Open Infrastructure

h1. Ungleich IPv6 wireguard VPN

{{toc}}

*%{color:green}This document only concerns VPN clients and is intended for end-users/customers. See [[The ungleich VPN infrastructure]] page for server-side documentation.%*

h2. Status

This document is *IN PRODUCTION*.

h2. How to get VPN

* If you are a VM users of DataCenterLight, you get it for free

* Otherwise you can book it at https://IPv6VPN.ch

* In both cases, send a request to support at ungleich.ch

Technically, the following steps are necessary:

<pre>

1. Install Wireguard

 https://www.wireguard.com/install/

2. Create your private key:

 umask 077; wg genkey > privkey

3. Get your public key

  wg pubkey < privkey

4. Send us the pubkey

</pre>

If you want to be fast, you can already take these steps before contacting support.

h2. Security of IPv6 vs. NAT

A quick reminder: whether you are using private RFC1918 IPv4 addresses or IPv6 addresses, if you don't want people to access your network, you need to configure a firewall.

h2. Proxy all traffic (IPv6 + NAT64 for IPv4) via the VPN

It is possible to forward (almost) all traffic to the ungleich VPN by using our DNS64 resolvers. You can do so by configuring 2a0a:e5c0:2:12:0:f0ff:fea9:c451 (unbound1.place6.ungleich.ch) and 2a0a:e5c0:2:12:0:f0ff:fea9:c45d (unbound2.place6.ungleich.ch) as DNS servers when connected to the VPN.

It will:

* Use those two servers (via the VPN) for "DNS":https://en.wikipedia.org/wiki/Domain_Name_System traffic.

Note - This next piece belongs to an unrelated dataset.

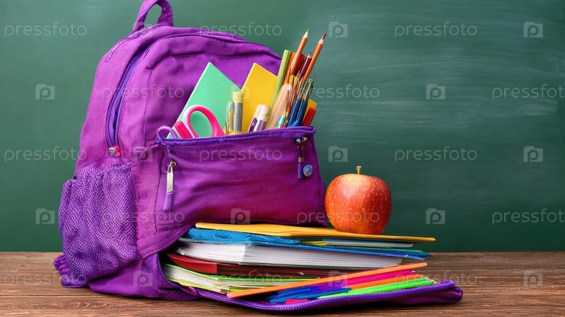 Фиолетовый рюкзак, наполненный красочными принадлежностями на деревянном столе на фоне меловой доски. Сложенные блокноты и папки, карандаши и линейка, выступающие из открытого кармана,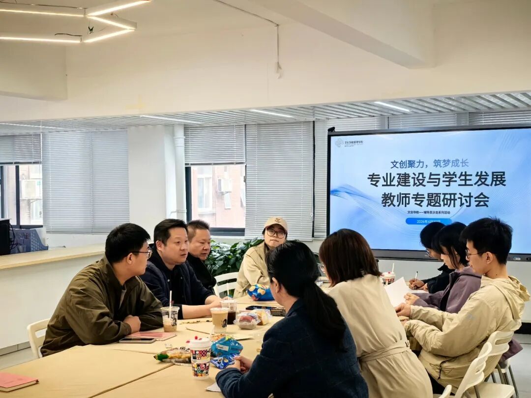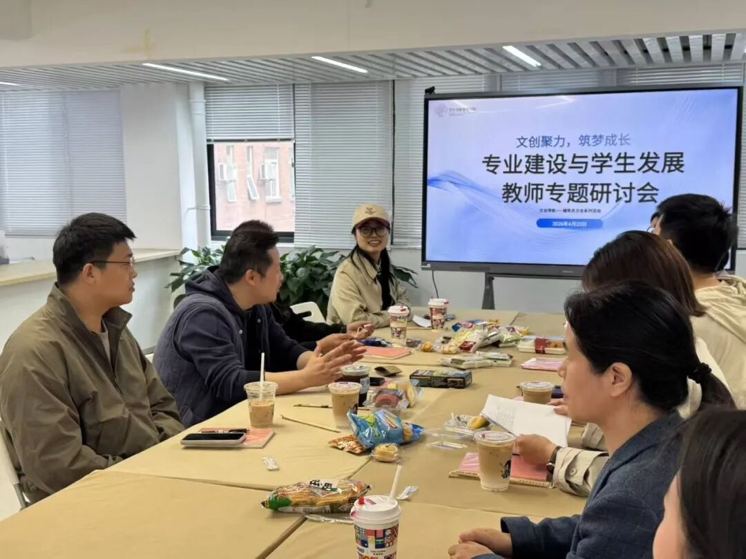 为进一步推动文化产业管理专业的建设与发展,聚焦学生成长与就业前景,2026年4月23日中午,一场以“文创聚力,筑梦成长”为主题的教师专题研讨会在九号楼“一站式”学生社区成功举办。本次活动由学生工作负责人刘茜老师主持,学院副院长祁峰及文化产业管理专业全体专任教师共同参与。

* Route all traffic to domain names (resolved by any of the two DNS servers) via the VPN.

It won't:

* Route traffic to specific IP addresses (= bypassing DNS) via the VPN.

* Route traffic from application using their own DNS resolving system (e.g. Firefox with DNS-over-HTTPS enabled).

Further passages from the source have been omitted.